S2: Silent Storm Retrospective

Rock, Paper, Shotgun has published a retrospective article on S2: Silent Storm, a tactical turn-based strategy set in an alternative slightly sci-fi version of World War II that was developed by the team at Nival Interactive. The way the game handled its destructible environments seems to be an aspect that particularly impressed the writer of the piece:

It relies entirely, then, on its tactical combat, and while I could praise the fetching, varied, and detailed environments this takes place in, the truth is that the appeal comes not from admiring but from absolutely demolishing them.

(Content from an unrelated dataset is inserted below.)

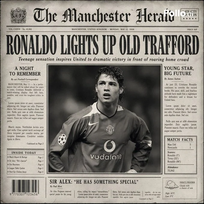 Create the most realistic front page design of a vintage newspaper featuring the main character. The layout should be made in the style of a real printed newspaper with a cinematic black-and-white aesthetic. The main photo should be prominently placed in the center, framed, like the image in the title of the article. The subject in the photo should remain unchanged and clearly distinguishable in natural light and slightly increased contrast in order to match the spectacular editorial style. Create a bold, attention-grabbing headline at the top (create a unique title that matches the spirit of the photo - it can be romantic, mysterious, funny, or dramatic). Add a smaller subtitle under it, which will look like a real newspaper caption. Add realistic newspaper elements: Columns of small text (in the style of lorem ipsum, but framed like real news) At the top is the fictitious name of the publication (for example, “The Daily Prompts”, “AI Times” or similar - think creatively, according to the picture) Date, issue number and location Decorative lines, dividers, and vintage typography Small additional articles or captions to the main image Optional stamps, doodles, or editorial notes to add personality. Style: Black and white or slightly faded monochrome paper Fine paper texture, grain, and ink defects Small shadows and creases that mimic real printed paper The aesthetics of a clean but slightly worn vintage newspaper Mood: Give the design personality, expressiveness and plot, as if the plot is part of the main article. Aspect ratio: 4:5 or 1:1 High-detail, ultra-realistic hybrid of editorial photography and print design.

If you never really took advantage of the destructible buildings in UFO, and were perhaps baffled by how passionately some players celebrate them, Silent Storm will convert you. Every bullet leaves a permanent mark, and rarely only one. Everything breaks. Windows crack and shatter all round, furniture splinters noisily as doors are torn apart by gunfire and tables crushed by tumbling bodies. Floorboards are blasted apart, walls gradually fill with holes then give way. Clouds of dust kick up in the wake of huge explosions that rip open entire buildings across multiple floors. You know those WW2 films where the houses and cafés are already bombed out, and lurking soldiers make do with sheltering behind whatever’s left? You get to cause that. There’s a little faint guilt and horror, but the sheer joy of blasting is simply irresistible, and even for stealthy approaches the tactical benefits are too many.

In contrast to the relatively clean and predictable boardgame-inspired approach taken by Firaxis’ XCOM, Silent Storm favours a simulationist approach to shooting. Instead of a binary hit/miss dictated by dice, each shot fired is an entity in the world. A bullet fired at a soldier might hit the crumpled body in front of your prone shooter. It might hit someone next to him. It might put a hole in a door, or go straight through his belly (causing him to reflexively squeeze off a round and topple off a balcony) and shatter a window, then hit a stash of explosives and blow away half the building. I’ve watched a patrolman take a potshot at my scout and miss, but the sniper I’d hidden behind her was blinded by the ricochet.